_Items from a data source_
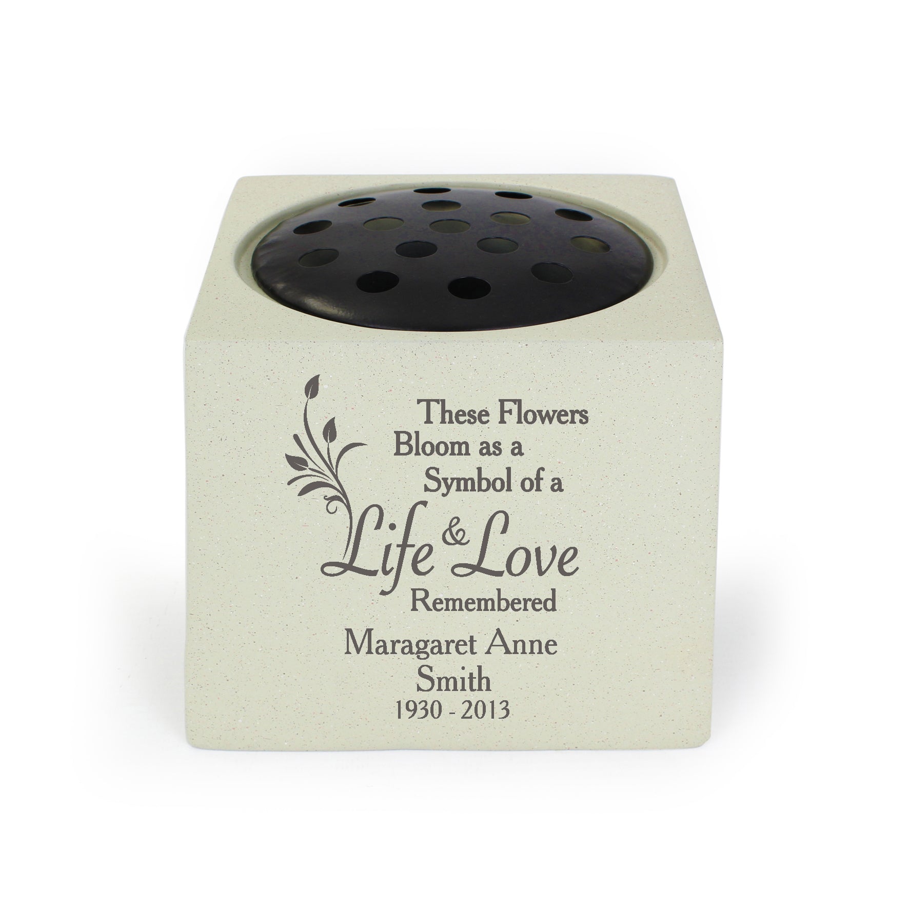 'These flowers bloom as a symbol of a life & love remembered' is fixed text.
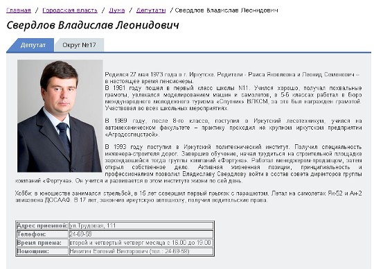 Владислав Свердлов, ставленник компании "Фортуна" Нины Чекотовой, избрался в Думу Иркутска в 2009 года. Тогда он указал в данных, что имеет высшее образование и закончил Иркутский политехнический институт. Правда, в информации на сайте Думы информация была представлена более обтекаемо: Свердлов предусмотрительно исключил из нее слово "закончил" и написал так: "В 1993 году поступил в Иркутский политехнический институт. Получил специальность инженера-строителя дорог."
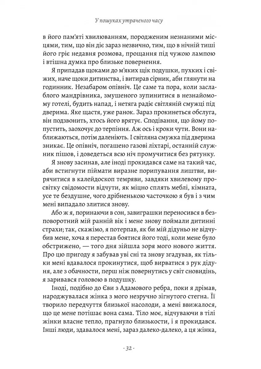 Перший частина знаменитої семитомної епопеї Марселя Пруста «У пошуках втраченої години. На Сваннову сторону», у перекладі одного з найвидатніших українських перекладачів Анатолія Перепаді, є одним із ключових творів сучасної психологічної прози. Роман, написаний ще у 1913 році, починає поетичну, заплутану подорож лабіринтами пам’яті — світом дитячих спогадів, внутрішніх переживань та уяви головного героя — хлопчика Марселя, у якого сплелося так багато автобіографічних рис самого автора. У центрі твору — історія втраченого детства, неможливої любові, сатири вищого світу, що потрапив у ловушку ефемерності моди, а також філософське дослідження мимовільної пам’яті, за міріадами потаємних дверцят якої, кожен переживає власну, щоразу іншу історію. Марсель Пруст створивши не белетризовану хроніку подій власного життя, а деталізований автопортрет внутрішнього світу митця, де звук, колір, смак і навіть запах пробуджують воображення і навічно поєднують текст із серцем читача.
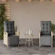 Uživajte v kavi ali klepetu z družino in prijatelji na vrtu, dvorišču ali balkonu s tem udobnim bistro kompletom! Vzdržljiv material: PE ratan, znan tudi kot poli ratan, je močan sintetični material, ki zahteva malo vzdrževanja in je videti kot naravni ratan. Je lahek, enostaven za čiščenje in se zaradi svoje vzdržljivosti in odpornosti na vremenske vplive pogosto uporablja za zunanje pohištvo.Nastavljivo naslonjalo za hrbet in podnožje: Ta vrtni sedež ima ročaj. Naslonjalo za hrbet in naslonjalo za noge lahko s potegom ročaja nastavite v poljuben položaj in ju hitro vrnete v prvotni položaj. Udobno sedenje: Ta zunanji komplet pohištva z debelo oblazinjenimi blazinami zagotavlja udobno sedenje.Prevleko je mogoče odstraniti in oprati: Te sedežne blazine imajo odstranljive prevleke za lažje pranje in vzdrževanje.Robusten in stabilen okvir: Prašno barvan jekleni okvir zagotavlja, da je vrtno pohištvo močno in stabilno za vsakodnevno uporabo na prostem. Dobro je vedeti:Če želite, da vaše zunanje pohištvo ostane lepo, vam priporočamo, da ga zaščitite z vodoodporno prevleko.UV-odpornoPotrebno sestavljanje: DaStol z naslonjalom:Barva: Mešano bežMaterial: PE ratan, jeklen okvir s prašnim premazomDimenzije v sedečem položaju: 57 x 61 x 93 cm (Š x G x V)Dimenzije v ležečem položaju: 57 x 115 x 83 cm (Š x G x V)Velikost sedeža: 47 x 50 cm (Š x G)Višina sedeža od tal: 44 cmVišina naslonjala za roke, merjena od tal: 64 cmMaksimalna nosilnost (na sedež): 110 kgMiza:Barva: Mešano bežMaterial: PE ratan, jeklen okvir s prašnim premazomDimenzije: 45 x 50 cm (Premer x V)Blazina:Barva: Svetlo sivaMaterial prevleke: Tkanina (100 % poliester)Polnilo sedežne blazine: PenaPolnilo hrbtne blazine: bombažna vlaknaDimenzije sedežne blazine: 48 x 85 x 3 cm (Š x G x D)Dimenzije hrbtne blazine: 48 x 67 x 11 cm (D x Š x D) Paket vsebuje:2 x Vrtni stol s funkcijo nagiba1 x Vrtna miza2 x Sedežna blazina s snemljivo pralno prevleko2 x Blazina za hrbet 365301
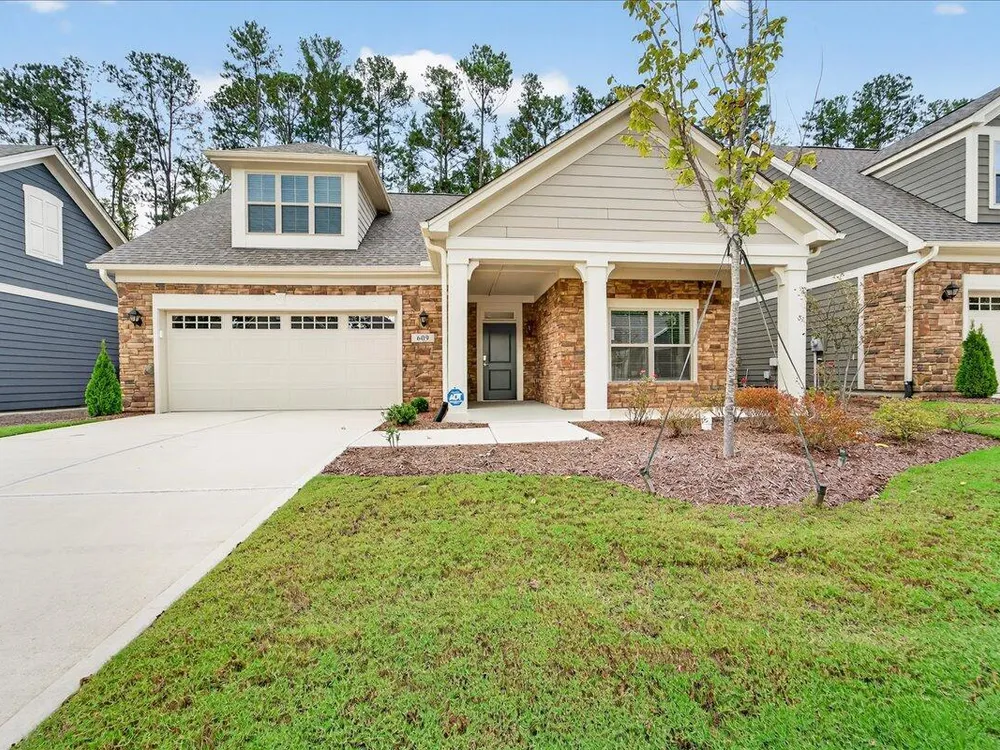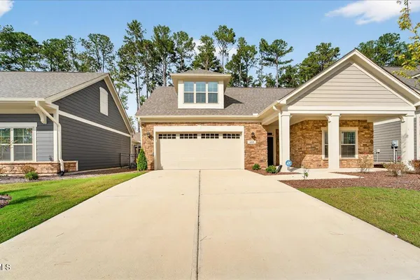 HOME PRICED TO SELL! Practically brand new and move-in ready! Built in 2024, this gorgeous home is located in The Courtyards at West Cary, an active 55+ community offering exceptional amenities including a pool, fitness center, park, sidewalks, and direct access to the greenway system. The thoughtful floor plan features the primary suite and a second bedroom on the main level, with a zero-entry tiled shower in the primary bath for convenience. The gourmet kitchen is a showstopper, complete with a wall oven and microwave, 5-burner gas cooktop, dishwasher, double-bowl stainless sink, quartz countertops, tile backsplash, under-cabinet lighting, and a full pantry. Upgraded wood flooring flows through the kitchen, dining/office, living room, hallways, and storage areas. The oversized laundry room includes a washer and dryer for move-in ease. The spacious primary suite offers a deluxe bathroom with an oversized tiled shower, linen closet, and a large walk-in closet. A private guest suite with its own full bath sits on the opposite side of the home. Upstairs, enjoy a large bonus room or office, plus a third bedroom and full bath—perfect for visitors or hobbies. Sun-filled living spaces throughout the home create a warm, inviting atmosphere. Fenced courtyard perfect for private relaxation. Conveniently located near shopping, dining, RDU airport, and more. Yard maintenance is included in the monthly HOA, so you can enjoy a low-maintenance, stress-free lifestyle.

_What to do_
Could you please return the entries above exactly, minus the pictures?

_Result of the task_
 'These flowers bloom as a symbol of a life & love remembered' is fixed text.
 Владислав Свердлов, ставленник компании "Фортуна" Нины Чекотовой, избрался в Думу Иркутска в 2009 года. Тогда он указал в данных, что имеет высшее образование и закончил Иркутский политехнический институт. Правда, в информации на сайте Думы информация была представлена более обтекаемо: Свердлов предусмотрительно исключил из нее слово "закончил" и написал так: "В 1993 году поступил в Иркутский политехнический институт. Получил специальность инженера-строителя дорог."
 Перший частина знаменитої семитомної епопеї Марселя Пруста «У пошуках втраченої години. На Сваннову сторону», у перекладі одного з найвидатніших українських перекладачів Анатолія Перепаді, є одним із ключових творів сучасної психологічної прози. Роман, написаний ще у 1913 році, починає поетичну, заплутану подорож лабіринтами пам’яті — світом дитячих спогадів, внутрішніх переживань та уяви головного героя — хлопчика Марселя, у якого сплелося так багато автобіографічних рис самого автора. У центрі твору — історія втраченого детства, неможливої любові, сатири вищого світу, що потрапив у ловушку ефемерності моди, а також філософське дослідження мимовільної пам’яті, за міріадами потаємних дверцят якої, кожен переживає власну, щоразу іншу історію. Марсель Пруст створивши не белетризовану хроніку подій власного життя, а деталізований автопортрет внутрішнього світу митця, де звук, колір, смак і навіть запах пробуджують воображення і навічно поєднують текст із серцем читача.
 Uživajte v kavi ali klepetu z družino in prijatelji na vrtu, dvorišču ali balkonu s tem udobnim bistro kompletom! Vzdržljiv material: PE ratan, znan tudi kot poli ratan, je močan sintetični material, ki zahteva malo vzdrževanja in je videti kot naravni ratan. Je lahek, enostaven za čiščenje in se zaradi svoje vzdržljivosti in odpornosti na vremenske vplive pogosto uporablja za zunanje pohištvo.Nastavljivo naslonjalo za hrbet in podnožje: Ta vrtni sedež ima ročaj. Naslonjalo za hrbet in naslonjalo za noge lahko s potegom ročaja nastavite v poljuben položaj in ju hitro vrnete v prvotni položaj. Udobno sedenje: Ta zunanji komplet pohištva z debelo oblazinjenimi blazinami zagotavlja udobno sedenje.Prevleko je mogoče odstraniti in oprati: Te sedežne blazine imajo odstranljive prevleke za lažje pranje in vzdrževanje.Robusten in stabilen okvir: Prašno barvan jekleni okvir zagotavlja, da je vrtno pohištvo močno in stabilno za vsakodnevno uporabo na prostem. Dobro je vedeti:Če želite, da vaše zunanje pohištvo ostane lepo, vam priporočamo, da ga zaščitite z vodoodporno prevleko.UV-odpornoPotrebno sestavljanje: DaStol z naslonjalom:Barva: Mešano bežMaterial: PE ratan, jeklen okvir s prašnim premazomDimenzije v sedečem položaju: 57 x 61 x 93 cm (Š x G x V)Dimenzije v ležečem položaju: 57 x 115 x 83 cm (Š x G x V)Velikost sedeža: 47 x 50 cm (Š x G)Višina sedeža od tal: 44 cmVišina naslonjala za roke, merjena od tal: 64 cmMaksimalna nosilnost (na sedež): 110 kgMiza:Barva: Mešano bežMaterial: PE ratan, jeklen okvir s prašnim premazomDimenzije: 45 x 50 cm (Premer x V)Blazina:Barva: Svetlo sivaMaterial prevleke: Tkanina (100 % poliester)Polnilo sedežne blazine: PenaPolnilo hrbtne blazine: bombažna vlaknaDimenzije sedežne blazine: 48 x 85 x 3 cm (Š x G x D)Dimenzije hrbtne blazine: 48 x 67 x 11 cm (D x Š x D) Paket vsebuje:2 x Vrtni stol s funkcijo nagiba1 x Vrtna miza2 x Sedežna blazina s snemljivo pralno prevleko2 x Blazina za hrbet 365301
 HOME PRICED TO SELL! Practically brand new and move-in ready! Built in 2024, this gorgeous home is located in The Courtyards at West Cary, an active 55+ community offering exceptional amenities including a pool, fitness center, park, sidewalks, and direct access to the greenway system. The thoughtful floor plan features the primary suite and a second bedroom on the main level, with a zero-entry tiled shower in the primary bath for convenience. The gourmet kitchen is a showstopper, complete with a wall oven and microwave, 5-burner gas cooktop, dishwasher, double-bowl stainless sink, quartz countertops, tile backsplash, under-cabinet lighting, and a full pantry. Upgraded wood flooring flows through the kitchen, dining/office, living room, hallways, and storage areas. The oversized laundry room includes a washer and dryer for move-in ease. The spacious primary suite offers a deluxe bathroom with an oversized tiled shower, linen closet, and a large walk-in closet. A private guest suite with its own full bath sits on the opposite side of the home. Upstairs, enjoy a large bonus room or office, plus a third bedroom and full bath—perfect for visitors or hobbies. Sun-filled living spaces throughout the home create a warm, inviting atmosphere. Fenced courtyard perfect for private relaxation. Conveniently located near shopping, dining, RDU airport, and more. Yard maintenance is included in the monthly HOA, so you can enjoy a low-maintenance, stress-free lifestyle.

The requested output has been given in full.